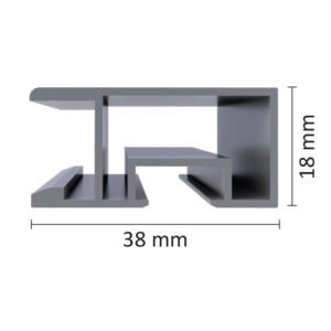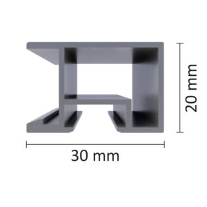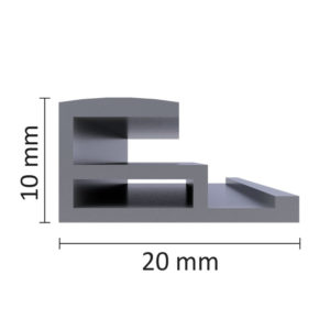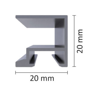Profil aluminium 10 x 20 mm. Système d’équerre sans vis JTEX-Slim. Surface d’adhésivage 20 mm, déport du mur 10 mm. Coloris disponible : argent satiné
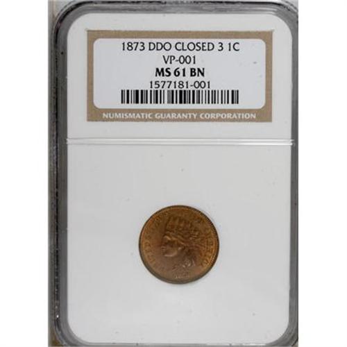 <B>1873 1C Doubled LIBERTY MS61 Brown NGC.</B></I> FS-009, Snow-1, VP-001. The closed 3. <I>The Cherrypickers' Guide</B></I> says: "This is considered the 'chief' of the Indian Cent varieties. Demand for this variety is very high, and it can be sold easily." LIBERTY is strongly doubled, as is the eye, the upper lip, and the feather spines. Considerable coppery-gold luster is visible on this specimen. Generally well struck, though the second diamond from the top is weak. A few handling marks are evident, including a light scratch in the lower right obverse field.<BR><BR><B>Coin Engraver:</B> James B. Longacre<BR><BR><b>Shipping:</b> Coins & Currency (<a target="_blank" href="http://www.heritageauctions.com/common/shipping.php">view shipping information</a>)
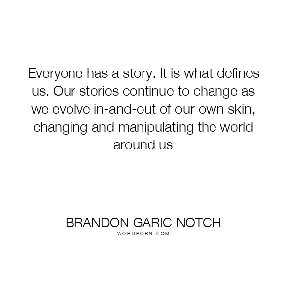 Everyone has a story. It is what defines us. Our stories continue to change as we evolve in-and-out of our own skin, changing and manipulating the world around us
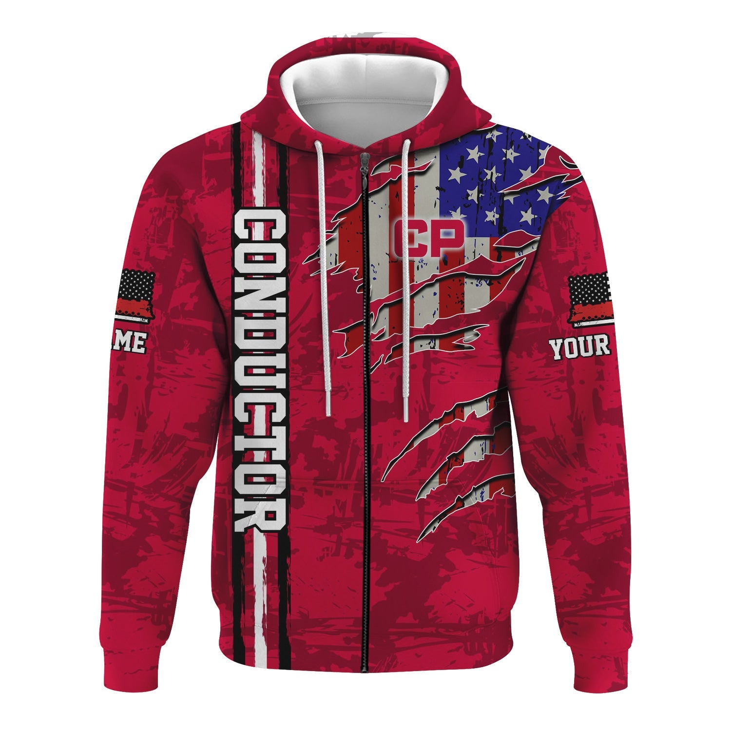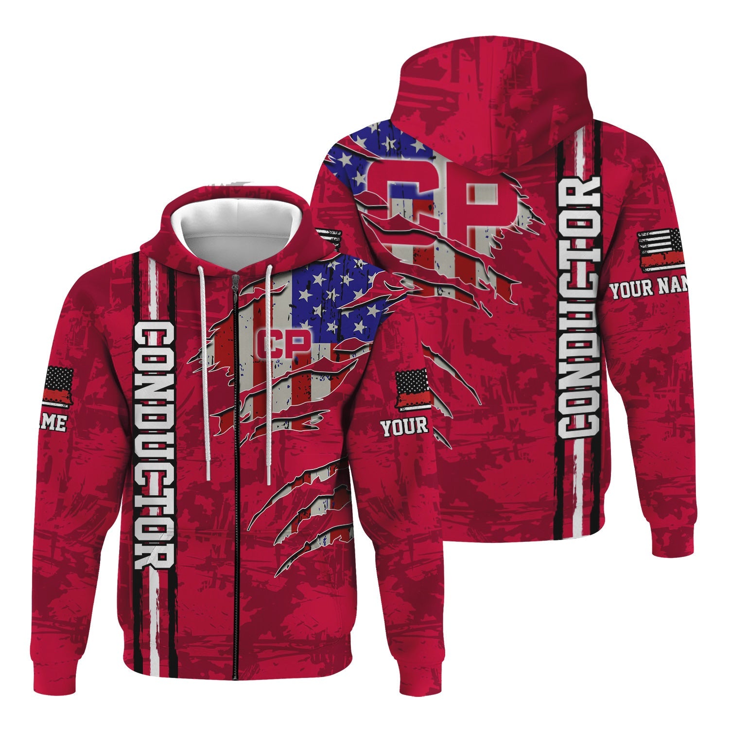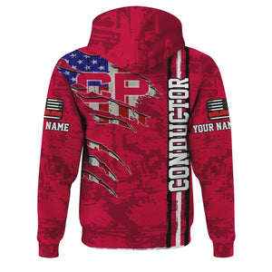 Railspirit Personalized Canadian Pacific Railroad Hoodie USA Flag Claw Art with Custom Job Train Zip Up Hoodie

--

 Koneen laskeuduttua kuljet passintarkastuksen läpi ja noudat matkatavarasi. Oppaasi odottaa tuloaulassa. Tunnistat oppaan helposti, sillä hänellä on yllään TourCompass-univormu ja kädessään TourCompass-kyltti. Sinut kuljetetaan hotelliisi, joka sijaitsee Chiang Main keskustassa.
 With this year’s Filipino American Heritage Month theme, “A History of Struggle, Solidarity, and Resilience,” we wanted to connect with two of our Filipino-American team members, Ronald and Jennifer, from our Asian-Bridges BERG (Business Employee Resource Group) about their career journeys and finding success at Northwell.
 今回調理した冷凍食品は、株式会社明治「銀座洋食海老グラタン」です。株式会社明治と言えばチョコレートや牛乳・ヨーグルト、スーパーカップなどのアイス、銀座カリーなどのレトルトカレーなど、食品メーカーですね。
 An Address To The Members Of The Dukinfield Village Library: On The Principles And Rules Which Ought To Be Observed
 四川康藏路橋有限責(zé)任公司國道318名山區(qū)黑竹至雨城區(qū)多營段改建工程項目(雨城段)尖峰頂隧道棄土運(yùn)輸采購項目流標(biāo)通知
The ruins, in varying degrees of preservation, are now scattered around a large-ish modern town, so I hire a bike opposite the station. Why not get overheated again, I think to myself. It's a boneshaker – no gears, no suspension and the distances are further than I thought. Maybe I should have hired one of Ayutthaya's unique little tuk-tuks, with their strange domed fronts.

▸ To do: Reproduce exactly the section above that begins at the line containing "An Address To" and ends at the line containing "The ruins, in", leaving out all other lines.

▸ Answer to this exercise:
 An Address To The Members Of The Dukinfield Village Library: On The Principles And Rules Which Ought To Be Observed
 四川康藏路橋有限責(zé)任公司國道318名山區(qū)黑竹至雨城區(qū)多營段改建工程項目(雨城段)尖峰頂隧道棄土運(yùn)輸采購項目流標(biāo)通知
The ruins, in varying degrees of preservation, are now scattered around a large-ish modern town, so I hire a bike opposite the station. Why not get overheated again, I think to myself. It's a boneshaker – no gears, no suspension and the distances are further than I thought. Maybe I should have hired one of Ayutthaya's unique little tuk-tuks, with their strange domed fronts.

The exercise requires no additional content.